President Obama
President ObamaIsrael News Photo: Wikimedia Commons

U.S. President Barack Obama is turning to the Pope to back his vision of a new Arab state on all of Judea and Samaria and eastern Jerusalem. The president told the Catholic Italian newspaper Avvenire, one week before a scheduled meeting with the Pope in Italy, “It [the Middle East] is a subject I am keen to discuss with the pope. I think he will share my approach."

President Obama has dug in his heels in insisting that Israel stop all building for Jews in Judea and Samaria, and the State Department has indicated that the ban should include all of Jerusalem that was restored to Israel in the Six-Day War in 1967.

However, the president maintained that the United States should not impose on Israel and the Palestinian Authority a solution to the differences between them. "What the United States can do, without imposing a solution, is to hold a mirror up to both of the parties to show them the consequences of their actions," he told the newspaper.

"On one hand, it is not just Israel's fault," President Obama added, pointing out that the Arab world needs to understand that “the Jewish state has security needs like any country.” His use of the term “Jewish state” and not “Israel" may have been a hint that the PA must accept Prime Minister Binyamin Netanyahu’s demand for the same recognition.
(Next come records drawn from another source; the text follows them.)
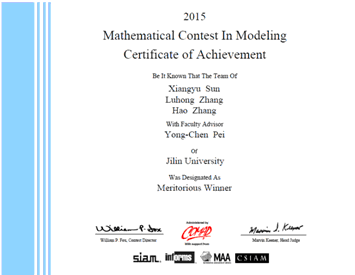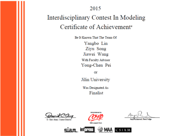 2015年美国大学生数学建模竞赛(MCM/ICM)于2015年2月6日至10日举行。机械学院裴永臣副教授指导的我院孙翔雨、张鲁宏、张皓代表队荣获一等奖(Meritorious Winner),林垟钵、宋子钰、王佳炜代表队荣获2011年以来吉林大学唯一一个特等提名奖(Finalist),是机械学院目前在数学建模竞赛方面取得的最好成绩。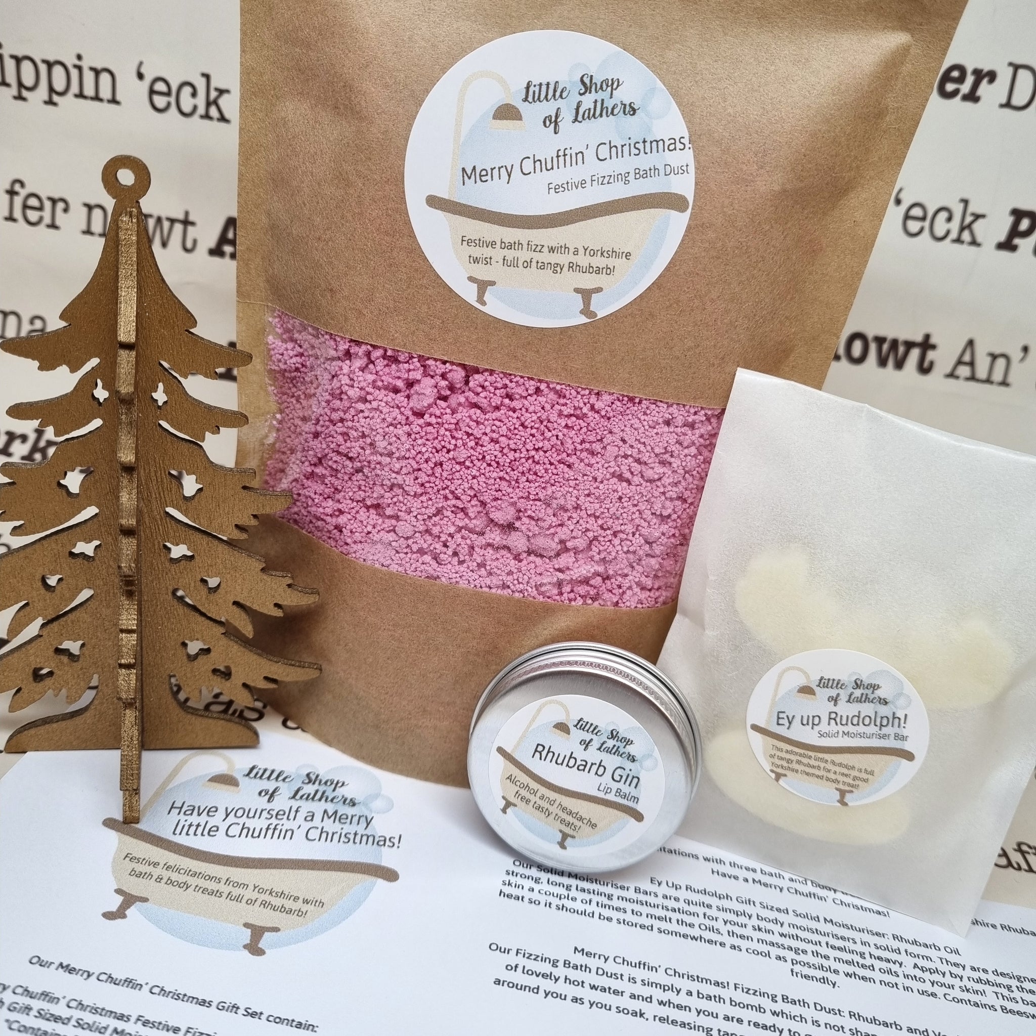 Send Yorkshire festive felicitations in style with three bath and body treats chock full of Yorkshire Rhubarb – Have yourself a Merry Little Chuffin’ Christmas!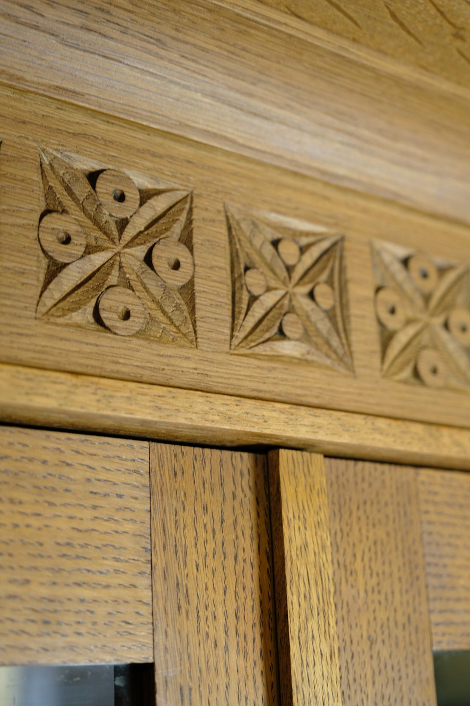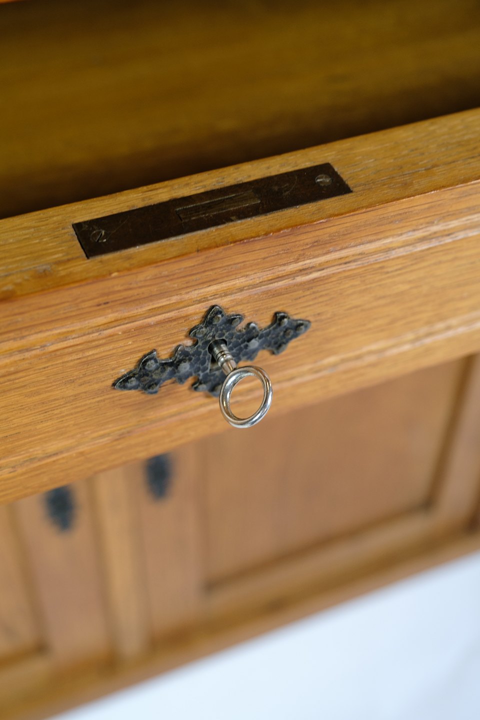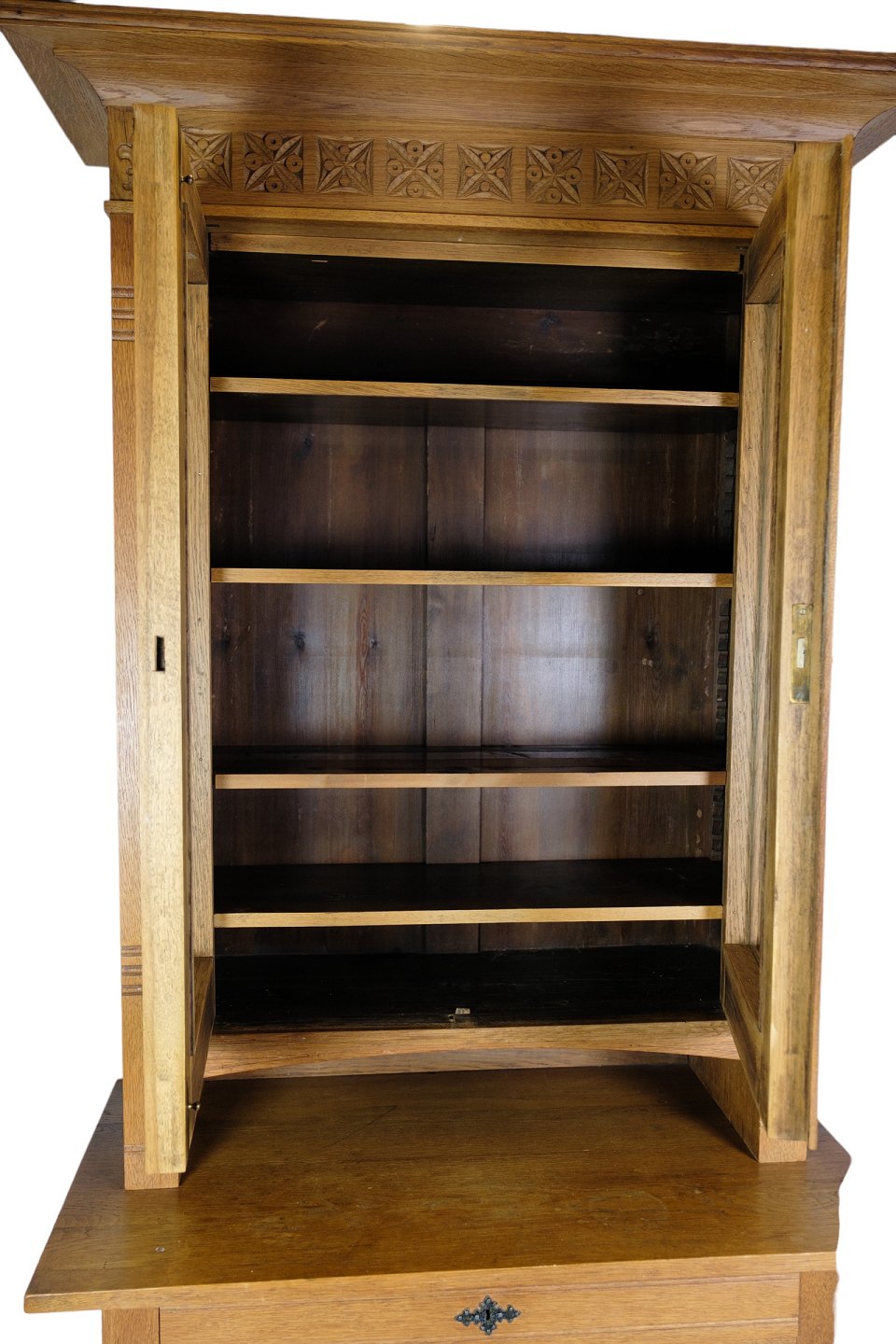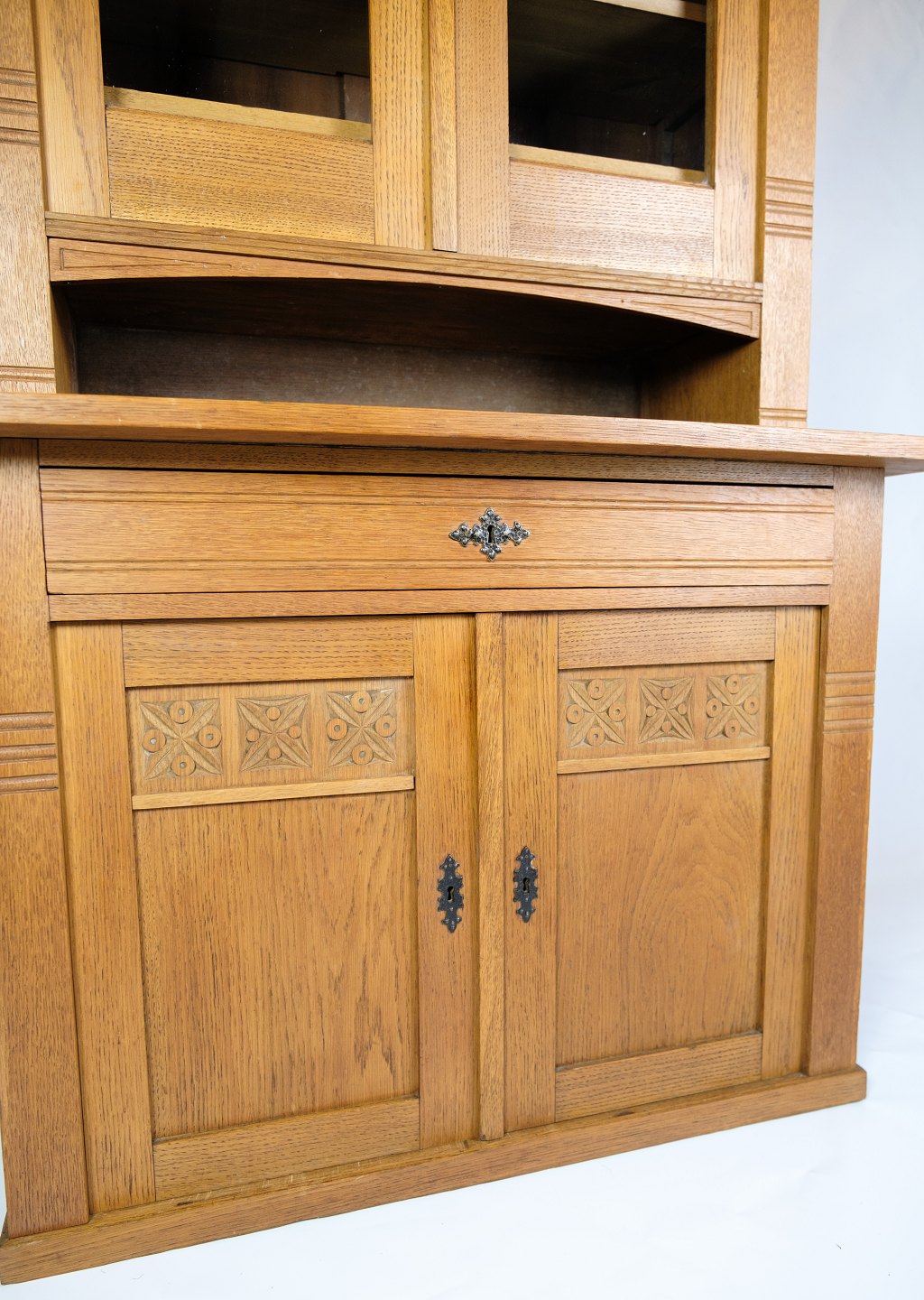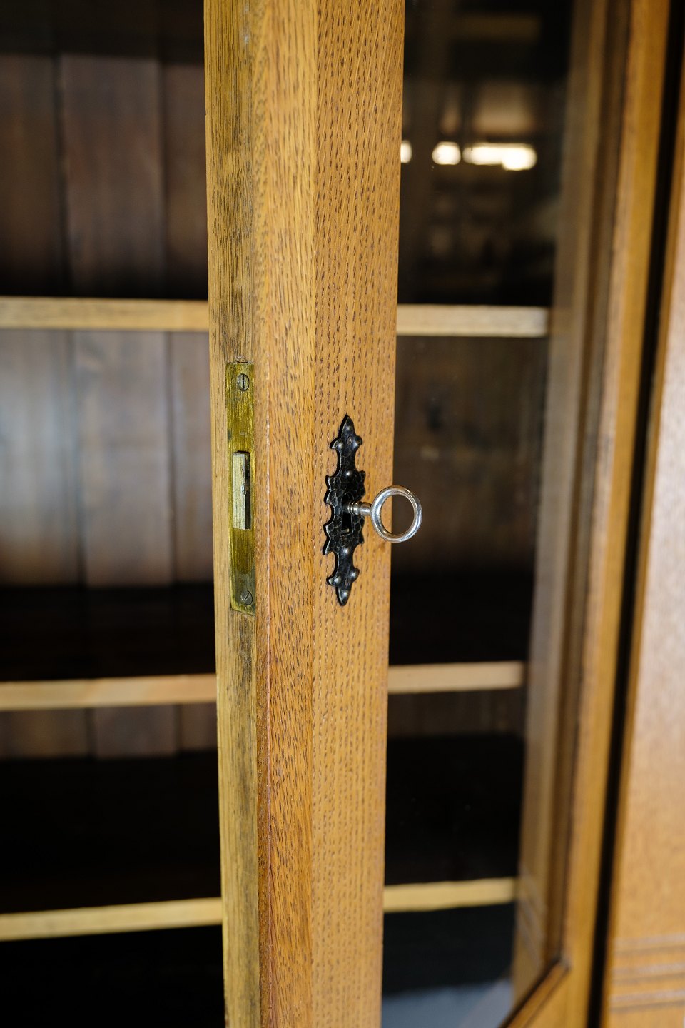 Højt Vitrineskab - Egetræ - Glas Låger - Original Nøgle - 1880

Meanwhile, leaders of the Council of Jewish Communities in Judea and Samaria have demanded that Prime Minister Netanyahu meet with them immediately over the issue of construction for Judea and Samaria, where they said “not even one construction plan has been approved in Judea and Samaria in several months.”
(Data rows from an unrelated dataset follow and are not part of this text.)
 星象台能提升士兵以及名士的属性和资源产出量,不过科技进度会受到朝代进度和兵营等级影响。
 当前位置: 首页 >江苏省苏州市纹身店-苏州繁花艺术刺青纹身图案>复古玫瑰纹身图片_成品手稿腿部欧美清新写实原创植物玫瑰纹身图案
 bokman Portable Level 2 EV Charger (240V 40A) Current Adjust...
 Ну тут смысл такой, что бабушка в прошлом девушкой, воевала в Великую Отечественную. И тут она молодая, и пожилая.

Council chairman Danny Dayan pointed out in a letter to the Prime Minister, “The government under your leadership embarked on its term in office with the declared intention of returning Jewish settlement to a path of development."
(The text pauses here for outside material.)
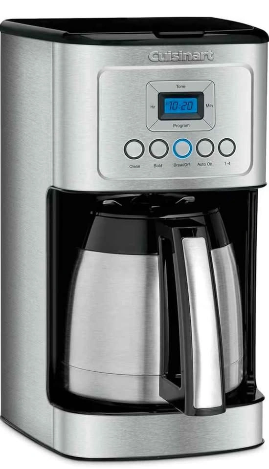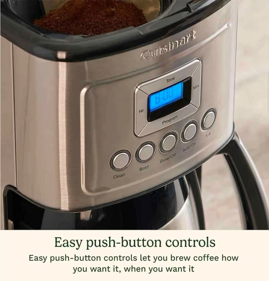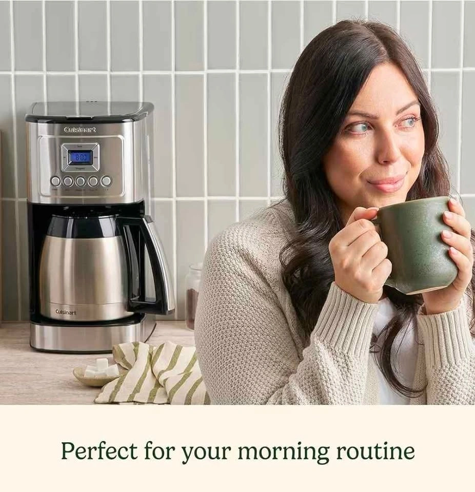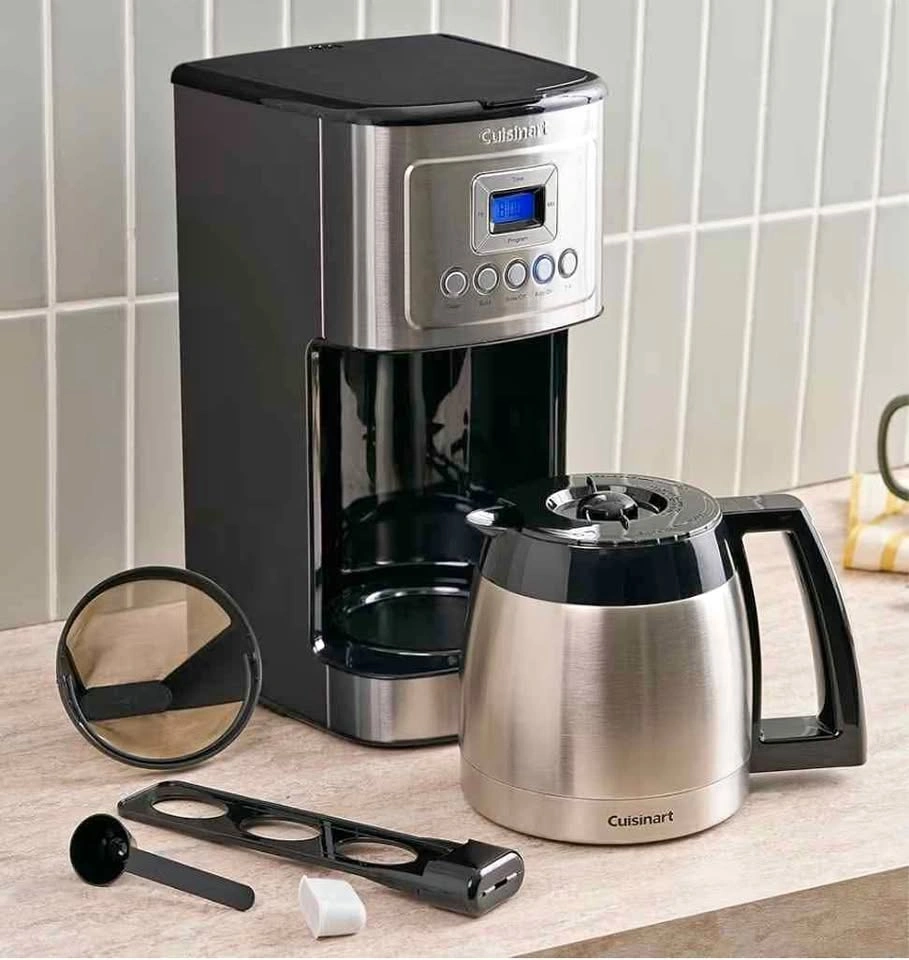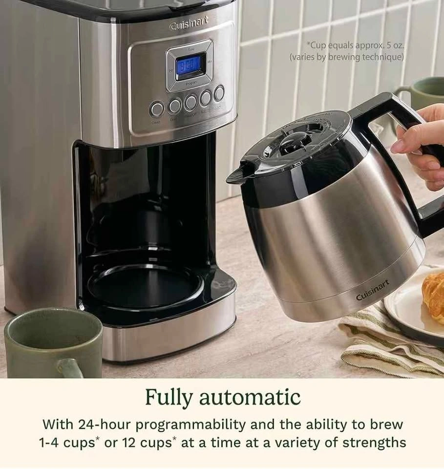 Brand new in the box! Never used! Brand: Cuisinart Capacity: 12 Cups Color: Silver Product Dimensions: 7.75"D x 9"W x 14.25"H Special Feature: Programmable Coffee Maker Type: Drip Coffee Machine Fully automatic Cuisinart 12-Cup* Coffee Maker with 24-hour programmability, self-clean, 1-4 cup setting, optional ready alert tone, and Brew Pause convenience. Hotter coffee with expert coffeemaking technology to ensure hotter coffee temperature without sacrificing flavor or quality. This Cuisinart coffee machine tailors the strength of your brew with Brew Strength Control for regular or bold settings. Savor the rich flavors with the included gold-tone and charcoal water filters. 12-CUP* CAPACITY: *Cup equals approx. 5 oz. (varies by brewing technique). This Cuisinart coffee maker features a backlit LCD that’s easy to read, a ready tone that can be turned on or off, and an indicator light that signals when it’s time to decalcify.

Dayan wants the meeting before Defense Minister Ehud Barak flies to London to talk with U.S. Middle East envoy George Mitchell on Monday for the second time in a week.

The Obama administration is asking Arab governments if they would agree to ease sanctions against Israel in return for a freeze on Jewish building in Judea and Samaria, according to Reuters. The Arab world so far has expressed no interest in taking up President Obama on his proposal in his speech in Cairo last June, when he urged Arab countries to allow Israel’s El Al Airlines to fly over their skies.

Another idea to tempt Israel into freezing all building is to convince Arab governments to abandon their policy of blocking Israeli-registered cellular phones on Arab networks.

However, President Obama faces stiff opposition from Arabs to make any concessions before Israel completely surrenders all of Judea and Samaria. "The Arabs ... are saying they don't want to pay for something twice," according to an unnamed diplomat quoted by Reuters. "It would be hard for them to give up something when building work was still continuing on existing settlement projects.”